▸ What you need to do
Output the listing word for word, minus images.

▸ Information shown
______

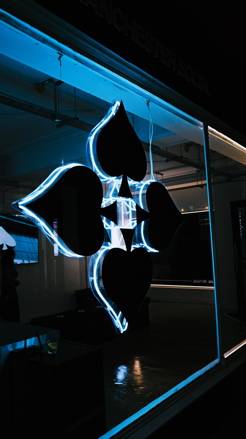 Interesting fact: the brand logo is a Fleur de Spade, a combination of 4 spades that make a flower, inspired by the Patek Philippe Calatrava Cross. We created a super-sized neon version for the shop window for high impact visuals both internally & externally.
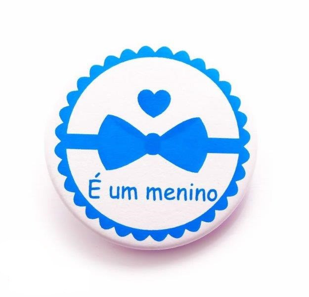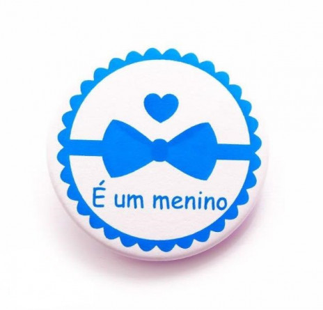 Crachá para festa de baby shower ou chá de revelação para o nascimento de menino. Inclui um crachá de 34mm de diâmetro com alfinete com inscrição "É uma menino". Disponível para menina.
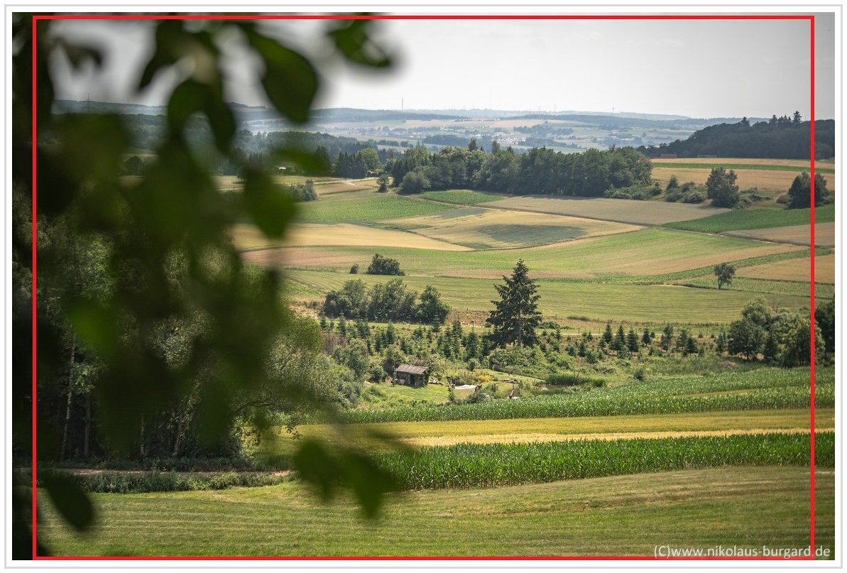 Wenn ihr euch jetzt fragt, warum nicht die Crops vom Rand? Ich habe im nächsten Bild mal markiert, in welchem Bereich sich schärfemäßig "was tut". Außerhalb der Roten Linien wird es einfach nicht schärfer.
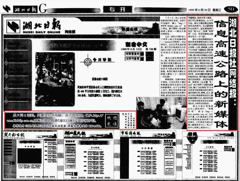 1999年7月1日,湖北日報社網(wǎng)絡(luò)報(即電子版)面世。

______

▸ Your response
 Interesting fact: the brand logo is a Fleur de Spade, a combination of 4 spades that make a flower, inspired by the Patek Philippe Calatrava Cross. We created a super-sized neon version for the shop window for high impact visuals both internally & externally.
 Crachá para festa de baby shower ou chá de revelação para o nascimento de menino. Inclui um crachá de 34mm de diâmetro com alfinete com inscrição "É uma menino". Disponível para menina.
 Wenn ihr euch jetzt fragt, warum nicht die Crops vom Rand? Ich habe im nächsten Bild mal markiert, in welchem Bereich sich schärfemäßig "was tut". Außerhalb der Roten Linien wird es einfach nicht schärfer.
 1999年7月1日,湖北日報社網(wǎng)絡(luò)報(即電子版)面世。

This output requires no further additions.